Data items
---*---
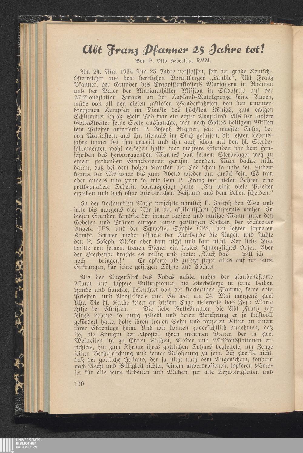 Abt Franz Pfanner 25 Jahre tot!
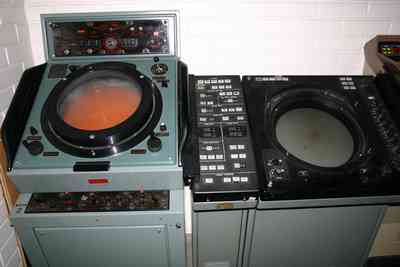 Opiston käytävillä oli vanhoja tutkien näyttöjä useampikin.
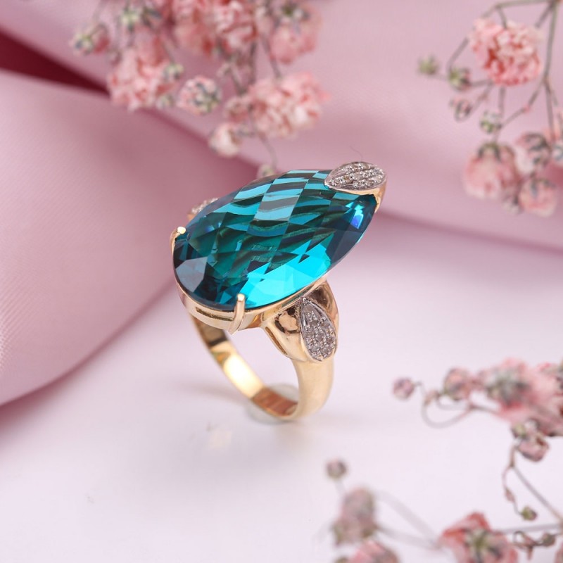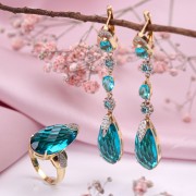 Eleganten komplet iz rumenega/belega zlata 585 z diamanti in akvamarinom, sestavljen iz prstana
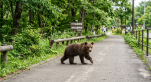 ①ある時の事、私は家族でお墓参りに行こうとして車を走らせていました。すると前から歩道を真っ黒い何かが歩いてきます。犬かと思ったけど、、周りに飼い主らしい人もいなかったので、見ていました。近づいてくると、「あれ!くまじゃない?」どんどん近づいてくると小熊でした。でも小熊がいるということは、近くに親ぐまもいたと思います。思わず、脇に車を止めました。裏は山でした。そこは歩道と山の間に、鉄の柵がありました。そしてその柵には20センチ位のすきまが10センチ間隔で空いてました。突然脇に車が止まったので、熊もびっくりしたのでしょう。その隙間に頭をつっこもうとしましたが、いくら子熊といえども、無茶な話です。しばらく格闘していました。「いやいや、無理だって」と突っ込みたくなるような光景でした。でも、30分後くらい、何とか通り抜けることに成功し、山に帰って行きました。思わず拍手を送った私達です。(後から聞いた話ですが、熊を見かけたら、即座に警察に連絡しなければいけないそうです。)とっさのことで、写真をとることも出来なかったです。「あー、写真」と思い立った時にはすでに逃げた後でした。後悔です。
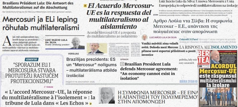 (Brasília-DF, 17/01/2026) Por conta do acordo União Europeia-Mercosul que está sendo assinado em Assunção, no Paraguai, neste sábado, 17, o presidente do Brasil, Luiz Inácio Lula da Silva, fez artigo que foi publicado em 27 jornais em diversos países ainda nessa sexta-feira, 16, quando ele se encontro com a presidente da Comissão Europeia, Ursula von der Leyen. A chefe da Comissão Europeia veio dizer um “muito obrigado” a Lula que ela considerou “fundamental” para a assinatura do acordo.
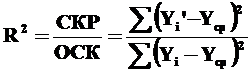 Сумма квадратов отклонений, объяснимая регрессией (СКР) – это сумма квадратов разностей между прогнозируемыми на основе найденного уравнения регрессии значениями Yi’ и средней из наблюдений в выборке Yср.
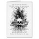 Een fabelachtige digitale collage met schedel, een roerige boom, boeken en een gedicht.
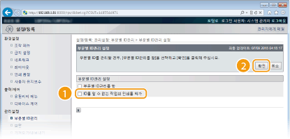 [편집] ([부문별 ID관리 PIN 번호 확인 설정])관리자 모드에서 리모트 UI에 로그온 합니다
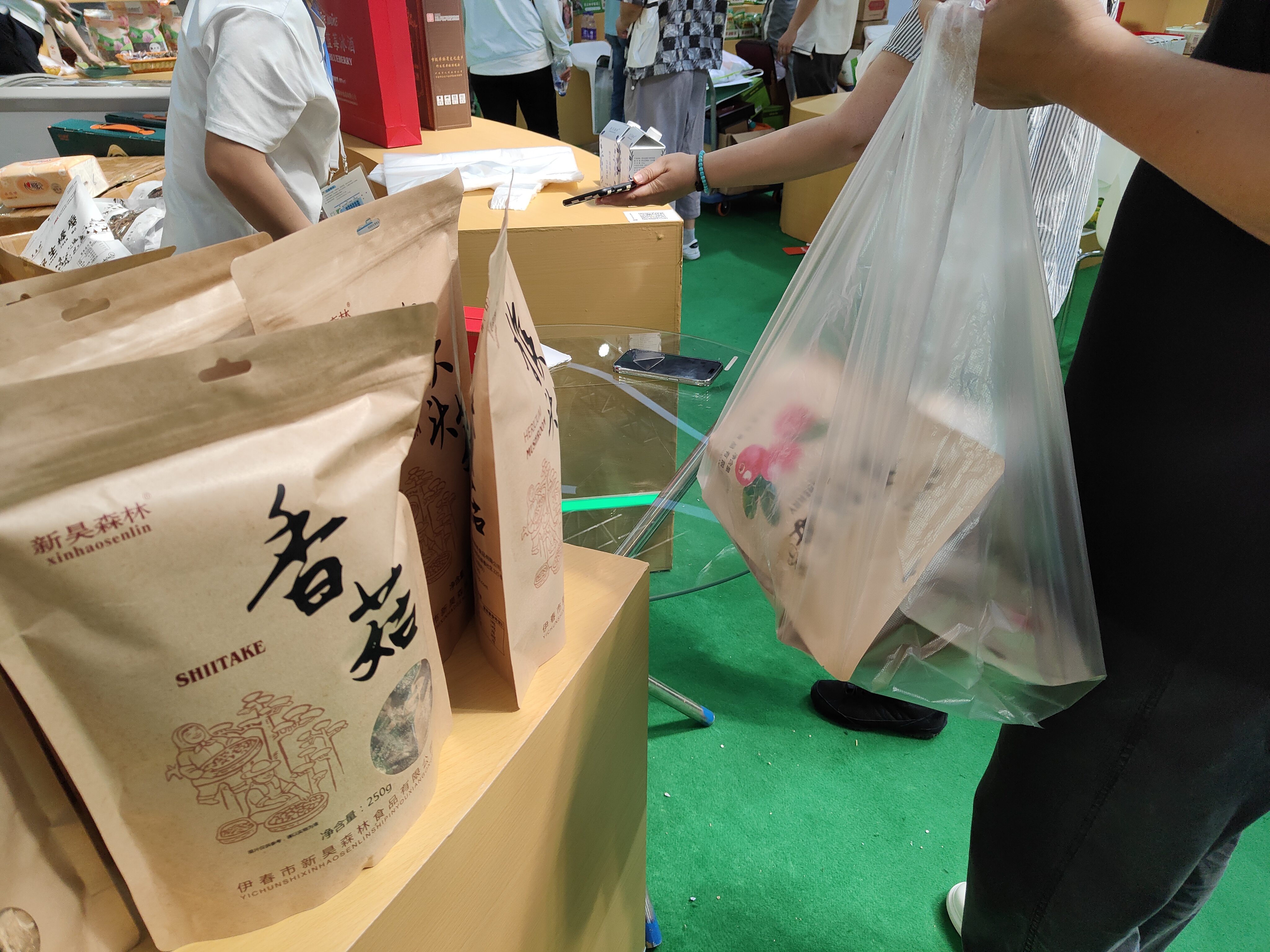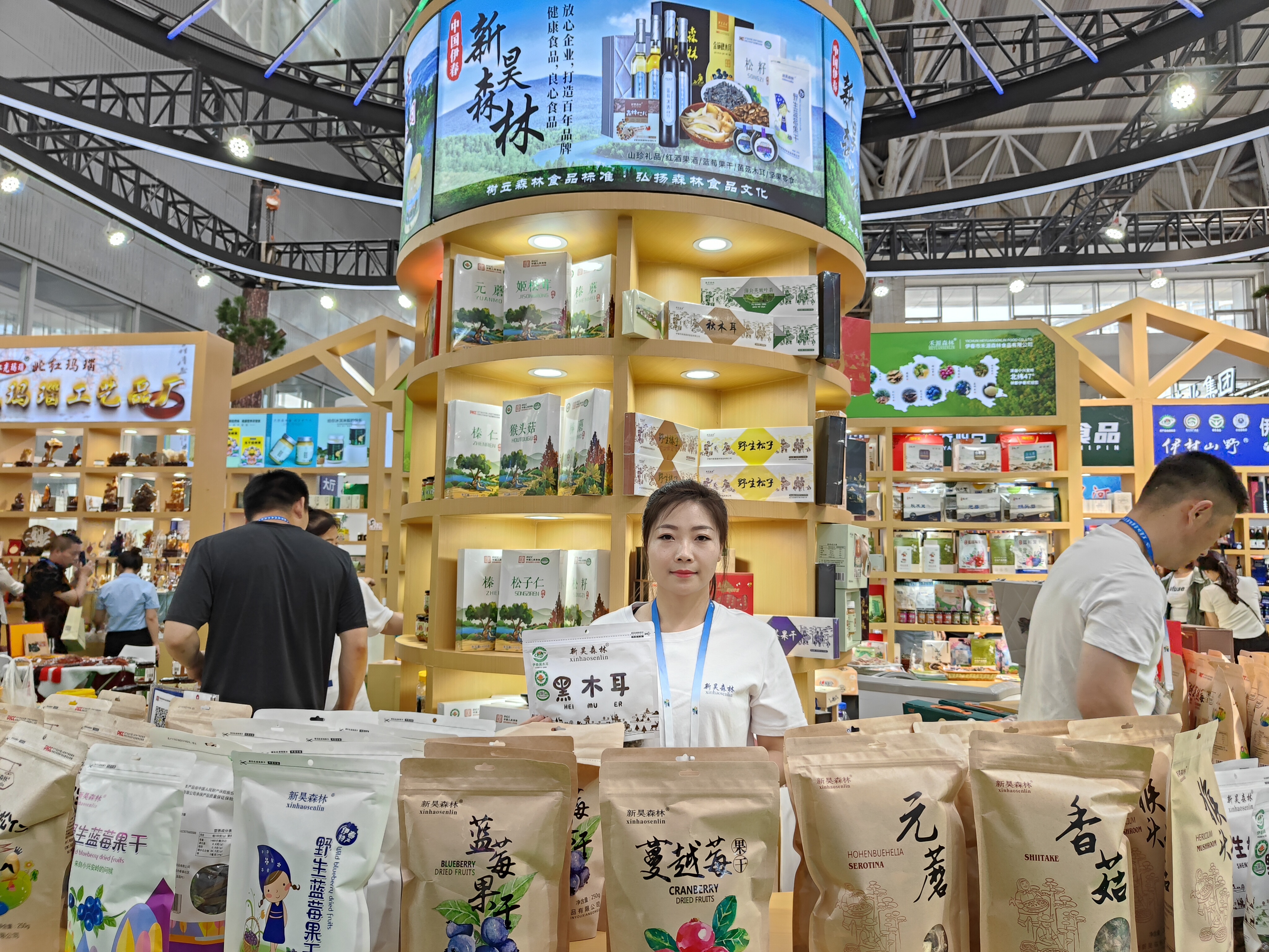 在“黑土優(yōu)品”授權(quán)企業(yè)伊春市新昊森林食品有限公司的展區(qū),也聚滿了前來咨詢的顧客。
---*---
The answer should match the data above word for word, with no pictures in it.

Exercise output:
 Abt Franz Pfanner 25 Jahre tot!
 Opiston käytävillä oli vanhoja tutkien näyttöjä useampikin.
 Eleganten komplet iz rumenega/belega zlata 585 z diamanti in akvamarinom, sestavljen iz prstana
 ①ある時の事、私は家族でお墓参りに行こうとして車を走らせていました。すると前から歩道を真っ黒い何かが歩いてきます。犬かと思ったけど、、周りに飼い主らしい人もいなかったので、見ていました。近づいてくると、「あれ!くまじゃない?」どんどん近づいてくると小熊でした。でも小熊がいるということは、近くに親ぐまもいたと思います。思わず、脇に車を止めました。裏は山でした。そこは歩道と山の間に、鉄の柵がありました。そしてその柵には20センチ位のすきまが10センチ間隔で空いてました。突然脇に車が止まったので、熊もびっくりしたのでしょう。その隙間に頭をつっこもうとしましたが、いくら子熊といえども、無茶な話です。しばらく格闘していました。「いやいや、無理だって」と突っ込みたくなるような光景でした。でも、30分後くらい、何とか通り抜けることに成功し、山に帰って行きました。思わず拍手を送った私達です。(後から聞いた話ですが、熊を見かけたら、即座に警察に連絡しなければいけないそうです。)とっさのことで、写真をとることも出来なかったです。「あー、写真」と思い立った時にはすでに逃げた後でした。後悔です。
 (Brasília-DF, 17/01/2026) Por conta do acordo União Europeia-Mercosul que está sendo assinado em Assunção, no Paraguai, neste sábado, 17, o presidente do Brasil, Luiz Inácio Lula da Silva, fez artigo que foi publicado em 27 jornais em diversos países ainda nessa sexta-feira, 16, quando ele se encontro com a presidente da Comissão Europeia, Ursula von der Leyen. A chefe da Comissão Europeia veio dizer um “muito obrigado” a Lula que ela considerou “fundamental” para a assinatura do acordo.
 Сумма квадратов отклонений, объяснимая регрессией (СКР) – это сумма квадратов разностей между прогнозируемыми на основе найденного уравнения регрессии значениями Yi’ и средней из наблюдений в выборке Yср.
 Een fabelachtige digitale collage met schedel, een roerige boom, boeken en een gedicht.
 [편집] ([부문별 ID관리 PIN 번호 확인 설정])관리자 모드에서 리모트 UI에 로그온 합니다
 在“黑土優(yōu)品”授權(quán)企業(yè)伊春市新昊森林食品有限公司的展區(qū),也聚滿了前來咨詢的顧客。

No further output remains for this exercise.